On April 22, we observe Earth Day, a worldwide event focusing on protecting the environment. As a citizen of this planet, you may want to take part in Earth Day activities. And as an investor, you can learn some valuable lessons from the environmental movement.

            Here are a few ideas to consider:

  • “Recycle” proven strategies. Over the past few decades, we have discovered ways of bringing new life to objects we would have previously thrown away. When you invest, you also don’t need to discard things you’ve used before – such as proven investment strategies. For example, one tried-and-true technique is to simply purchase investments appropriate for your needs and risk tolerance, and then hold these investments until either your situation changes or the investments themselves are no longer the same as when you bought them. (To illustrate: You might have bought stock in a company whose products or services are not as competitive as they once were.)
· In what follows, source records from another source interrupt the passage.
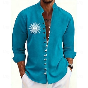 Bărbați Soare Έθνικ Cultura indiană Cămașă Cămașă cu guler ridicat Manșon Lung Vintage Retro Casual Vacanță Primăvară Toamnă Guler mandarin Guler Tunică Buton în jos Cămașă de in Albastru piscin
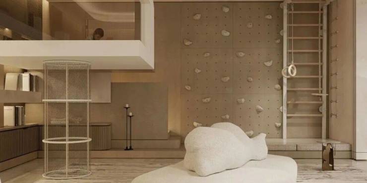 2F-起居栖心:双套房设置·步入式衣帽间行政套房·6.6米奢阔观景台;MF-娱乐空间:超5米挑高空间·定制亲子攀岩墙·跨界收藏空间;
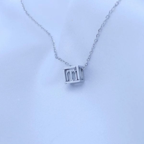 Přívěsek z leštěné chirurgické oceli 3D kostička je z každé strany označena písmenkem. Výběr písmen : A, B, D, E, H, J, K, L, M, N, P, R, S, T, V, Z Velikost kostičky 6mm Přívěsek je zavěšen na řetízku z chirurgické oceli o šířce 1mm. Délka nastavitelná od 47cm do 52cm. 000051

  • Avoid “toxic” investment moves. Since the first Earth Day in 1970, we have had some success in identifying and eliminating toxins in our air and water. You can also find – and avoid – “toxic” investment moves. One such move is chasing a “hot” stock. By the time you hear about this stock – from a friend, relative or even a television or internet commentator – it may already be cooling off. Even more importantly, it might not be suitable for your needs, either because it’s too risky or because you already own several similar stocks. “Hot” stocks aren’t so hot if they aren’t right for you.
  • Reduce “excess” investments in your portfolio. Environmentalists stress the need for all of us to reduce our “footprint” on earth – that is, we can help improve the environment by owning less “stuff.” The same idea can also apply to investing. If you took a close look at your portfolio, you might find investments that you’ve held for years but whose purpose is no longer clear to you. Some may even be duplicates, or near-duplicates, of other investments. You might be able to improve your financial picture by getting rid of this “clutter.” By selling investments you no longer need, you could use the proceeds to purchase new investments that may be far more effective in helping you meet your objectives.
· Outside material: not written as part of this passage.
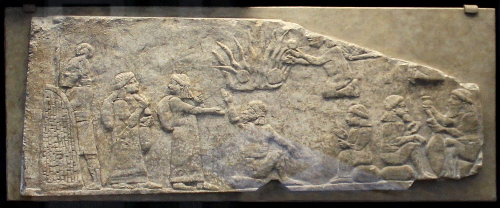 Babylonian prisoners under the surveillance of an Assyrian guard, reign of Ashurbanipal 668–630 BCE, Nineveh. Source: Wikimedia Commonsꜛ (license: CC BY-SA 1.0)

  • Plant “seeds” of opportunity. Many Earth Day lesson plans for students emphasize the value of planting gardens and trees. As an investor, you, too, need to look for ways to plant “seeds” of opportunity so that you can eventually harvest the results. Specifically, look for those investments that, like trees, can grow and prosper over years and decades. Of course, growth-oriented investments carry investment risk, including the possible loss of principal. Yet, to achieve your long-term goals, such as a comfortable retirement, you will need some growth potential in your portfolio. You can reduce the level of risk by owning a mix of investments – including less aggressive vehicles, such as bonds – in your portfolio.

Each year, Earth Day comes and goes. But its messages have had a profound impact on generations of people interested in preserving our environment. And translating some of these lessons to the investment arena can have a powerful effect on your financial future.